Effect of X-Ray Irradiation on Magnetocaloric Material, (MnNiSi)_1-xFe₂Ge_x

Magnetic refrigeration based on magnetocaloric effect (MCE) at room temperature is generally considered as a potential substitution for classical vapor compression systems due to its high efficiency and environmental friendliness. (MnNiSi)_1−x(Fe₂Ge)_x composition (x=0.34) alloy was prepared by arc melting, crushed, and sieved to approximately <32 microns. They were utilized in examining the possible magnetic and structural changes when exposed to a dosage of a continuous sweeping rate of ~>120 Gy/min and an absorbed dose of 35 kGy of X-ray radiation.
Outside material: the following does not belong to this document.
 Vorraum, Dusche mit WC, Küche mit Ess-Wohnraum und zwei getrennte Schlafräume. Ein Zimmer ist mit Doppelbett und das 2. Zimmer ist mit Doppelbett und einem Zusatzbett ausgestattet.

This study reports observable trends in magnetic measurements. Magnetization in the magnetization vs. temperature (both heating and cooling) measurements showed an increase from 2.72 emu/g to 4.01 emu/g in the irradiated sample. The magnetization vs. magnetic field loops exhibited irradiation-induced magnetic hysteresis. The irradiated sample also exhibited an observable change in its coercivity of ΔH_c = 14.7% at 200 K. A maximum entropy change ΔS_mag of ~ 11.139 J/kg*K and a T_ave peak of 317.5 K was achieved for the pristine sample in comparison to ΔS_mag of ~ 11.349 J/kg*K and a T_ave peak of 312.5 K for the irradiated sample. These presented results provided deeper insights into tuning the magnetic and structural effects of irradiation in the (MnNiSi)_1−x(Fe₂Ge)_x composition (x=0.34) that can be utilized in a wide range of magnetocaloric applications in high-energy radiation environments.